## Dataset excerpts
———
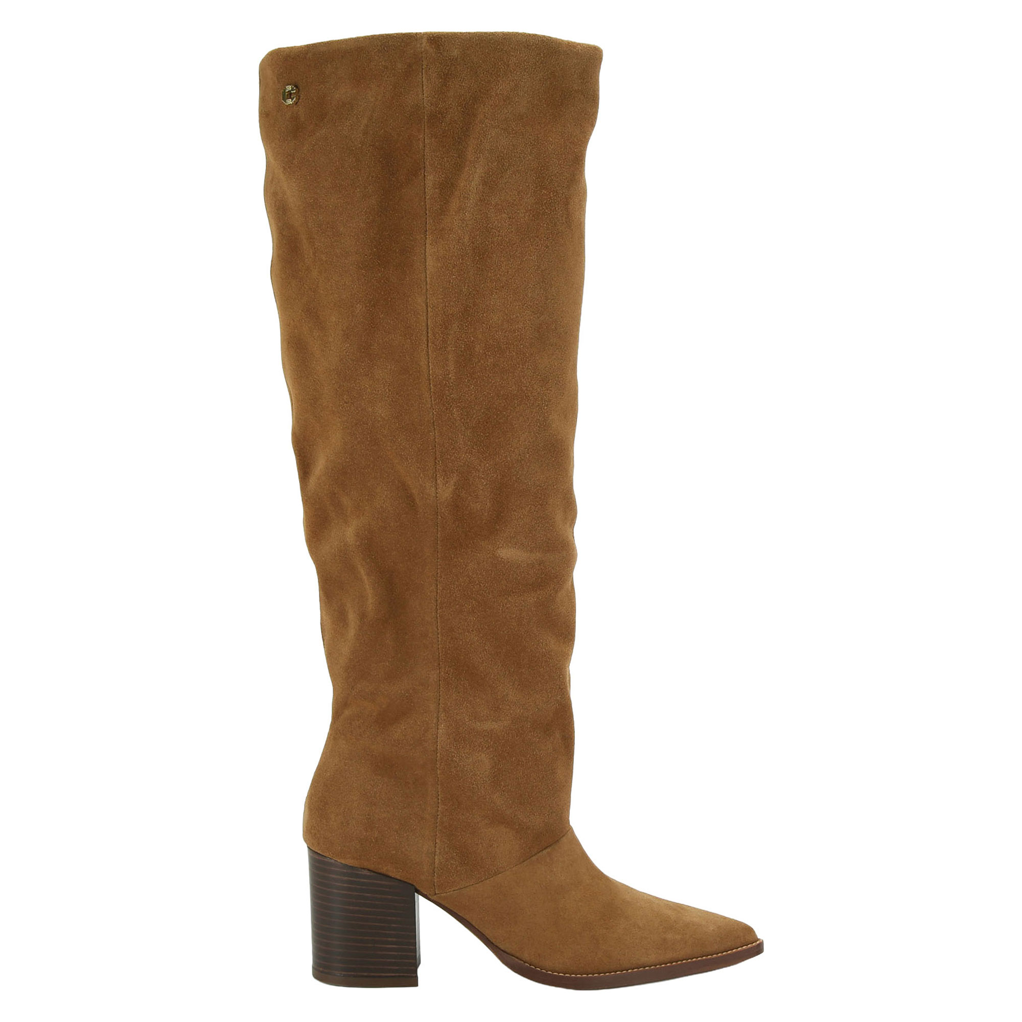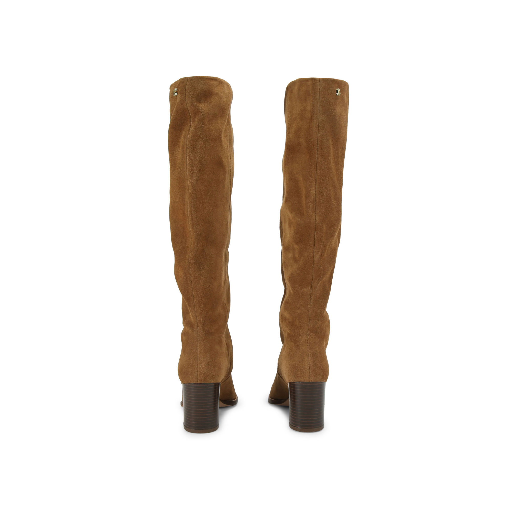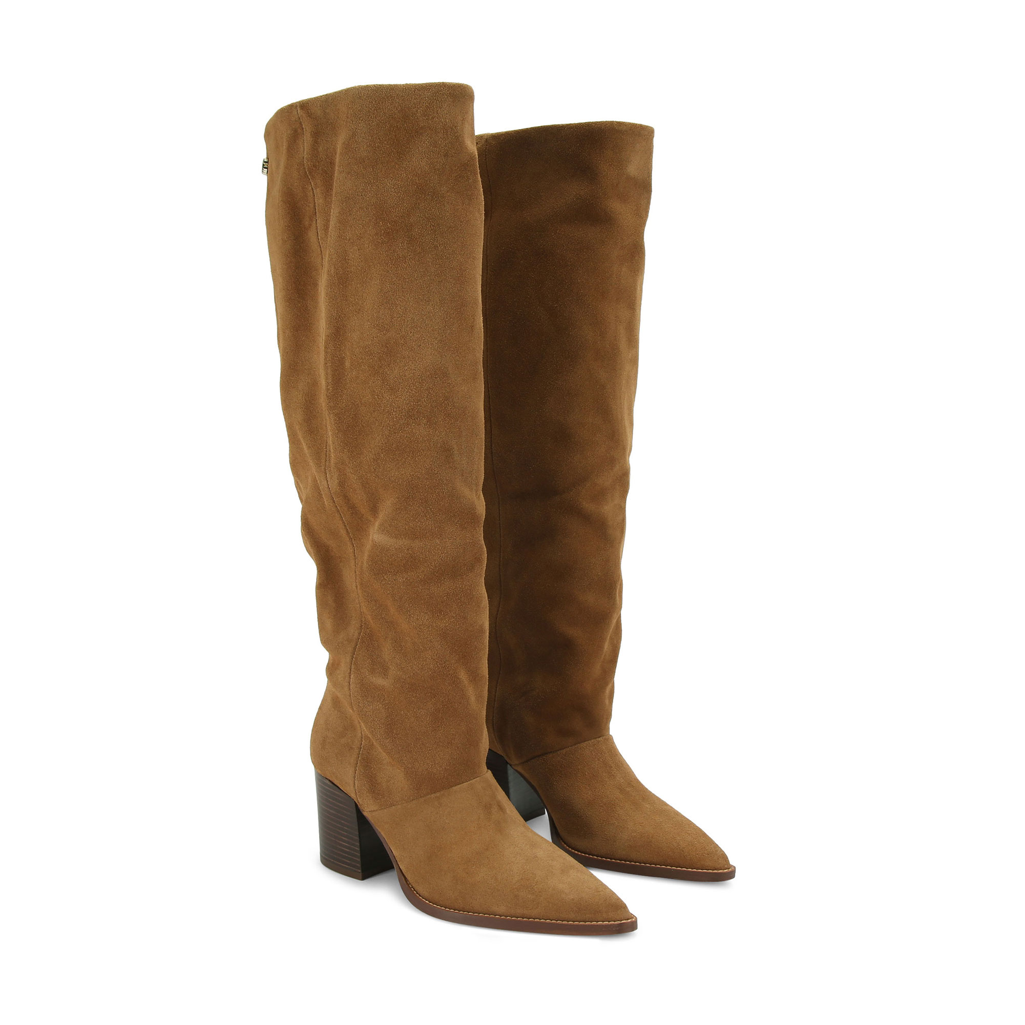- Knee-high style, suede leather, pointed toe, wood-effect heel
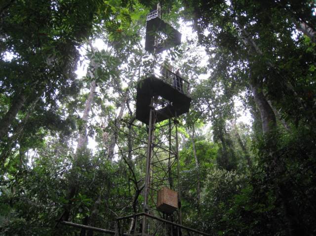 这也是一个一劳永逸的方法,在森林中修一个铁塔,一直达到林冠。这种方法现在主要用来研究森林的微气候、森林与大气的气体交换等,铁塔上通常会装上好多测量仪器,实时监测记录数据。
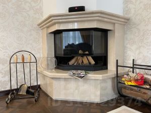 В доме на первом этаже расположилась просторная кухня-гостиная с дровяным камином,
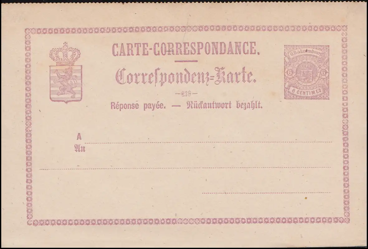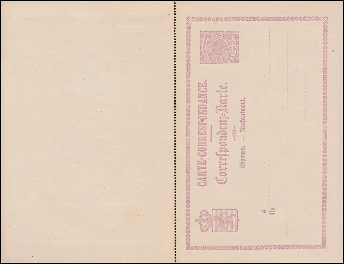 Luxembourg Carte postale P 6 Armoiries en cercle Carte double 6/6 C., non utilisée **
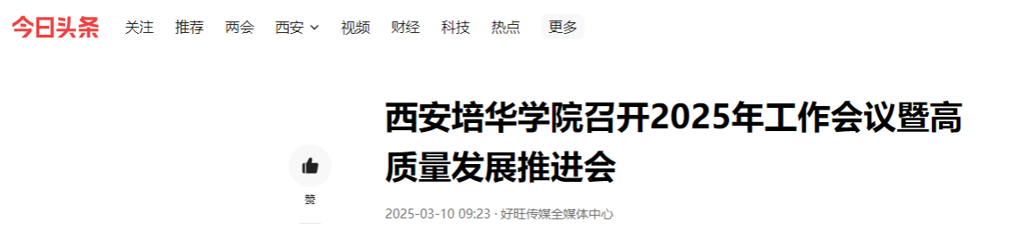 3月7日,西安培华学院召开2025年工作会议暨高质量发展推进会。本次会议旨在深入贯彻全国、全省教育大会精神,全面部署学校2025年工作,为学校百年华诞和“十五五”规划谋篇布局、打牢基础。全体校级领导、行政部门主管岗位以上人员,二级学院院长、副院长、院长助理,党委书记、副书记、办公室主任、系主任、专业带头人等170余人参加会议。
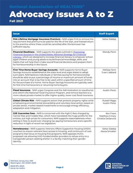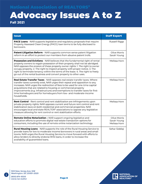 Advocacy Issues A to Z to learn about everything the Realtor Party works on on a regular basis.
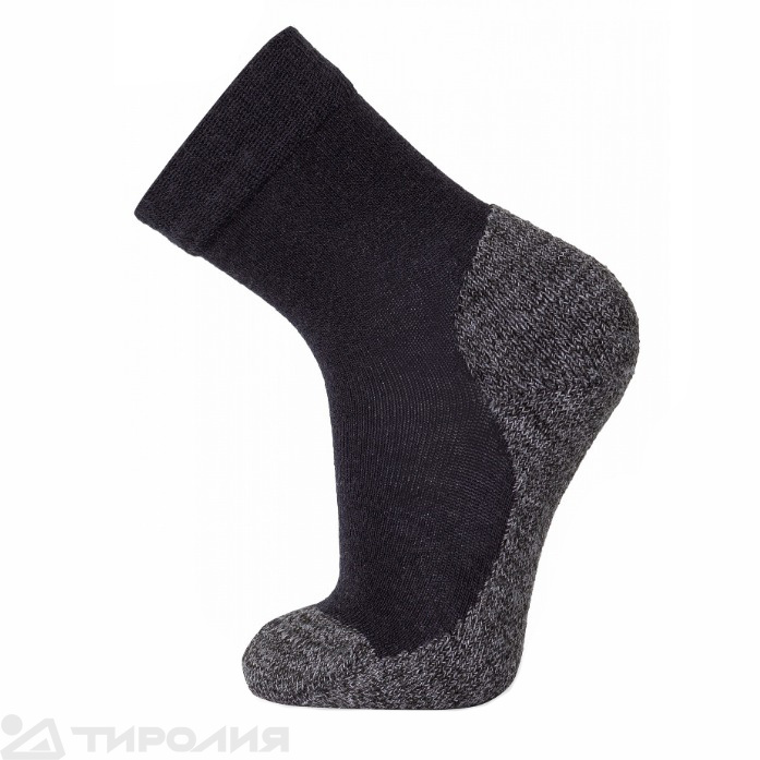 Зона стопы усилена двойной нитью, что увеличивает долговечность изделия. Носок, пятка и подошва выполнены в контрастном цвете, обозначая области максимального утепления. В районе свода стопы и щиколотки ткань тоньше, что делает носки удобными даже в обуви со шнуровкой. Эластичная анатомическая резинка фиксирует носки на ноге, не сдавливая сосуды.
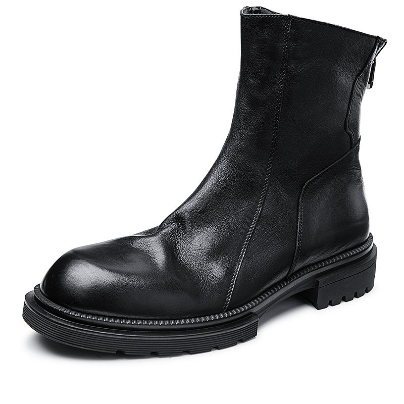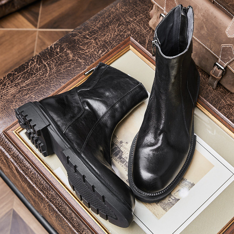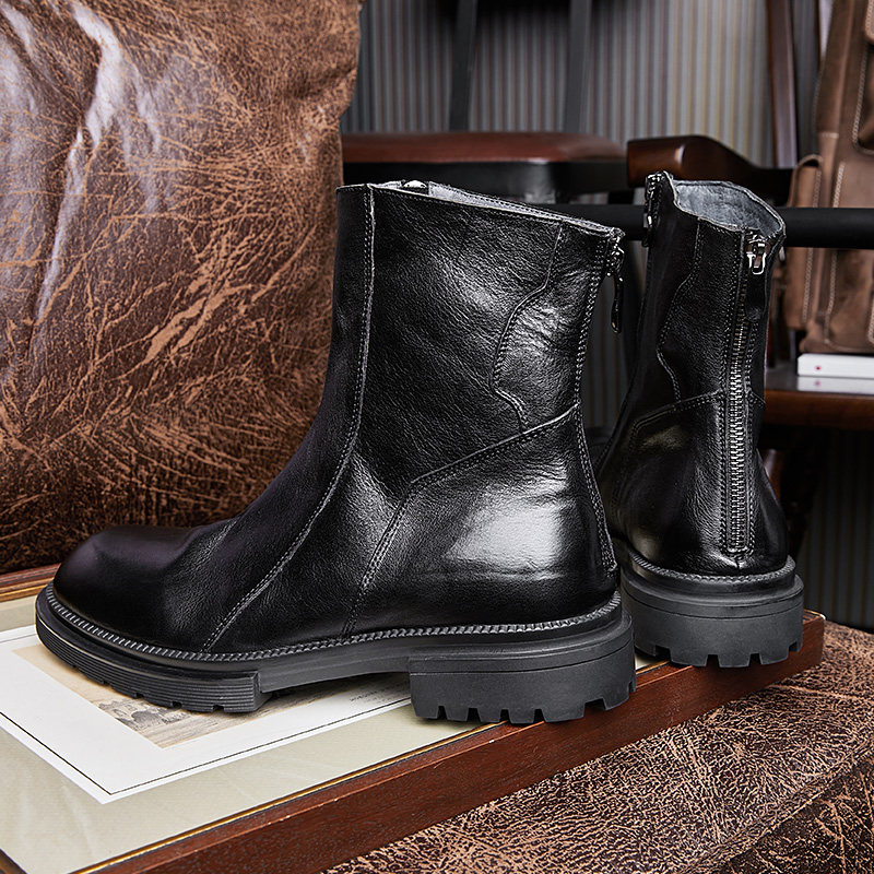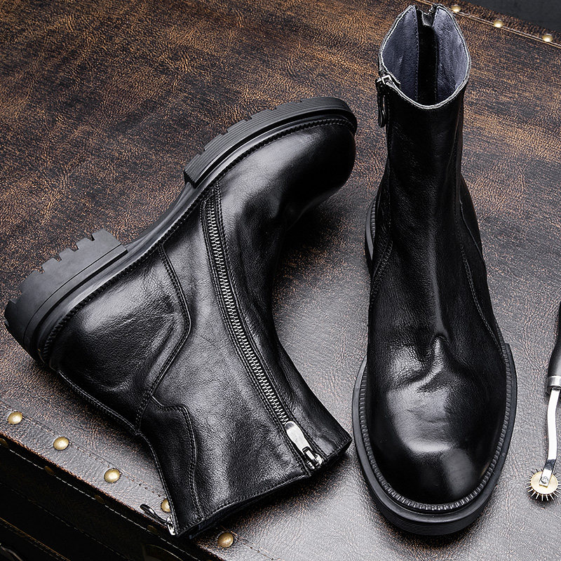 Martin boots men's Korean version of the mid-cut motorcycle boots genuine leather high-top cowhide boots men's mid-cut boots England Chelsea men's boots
———
## Exercise details
Rewrite the data above exactly as given, but omit the images.

## Worked solution
- Knee-high style, suede leather, pointed toe, wood-effect heel
 这也是一个一劳永逸的方法,在森林中修一个铁塔,一直达到林冠。这种方法现在主要用来研究森林的微气候、森林与大气的气体交换等,铁塔上通常会装上好多测量仪器,实时监测记录数据。
 В доме на первом этаже расположилась просторная кухня-гостиная с дровяным камином,
 Luxembourg Carte postale P 6 Armoiries en cercle Carte double 6/6 C., non utilisée **
 3月7日,西安培华学院召开2025年工作会议暨高质量发展推进会。本次会议旨在深入贯彻全国、全省教育大会精神,全面部署学校2025年工作,为学校百年华诞和“十五五”规划谋篇布局、打牢基础。全体校级领导、行政部门主管岗位以上人员,二级学院院长、副院长、院长助理,党委书记、副书记、办公室主任、系主任、专业带头人等170余人参加会议。
 Advocacy Issues A to Z to learn about everything the Realtor Party works on on a regular basis.
 Зона стопы усилена двойной нитью, что увеличивает долговечность изделия. Носок, пятка и подошва выполнены в контрастном цвете, обозначая области максимального утепления. В районе свода стопы и щиколотки ткань тоньше, что делает носки удобными даже в обуви со шнуровкой. Эластичная анатомическая резинка фиксирует носки на ноге, не сдавливая сосуды.
 Martin boots men's Korean version of the mid-cut motorcycle boots genuine leather high-top cowhide boots men's mid-cut boots England Chelsea men's boots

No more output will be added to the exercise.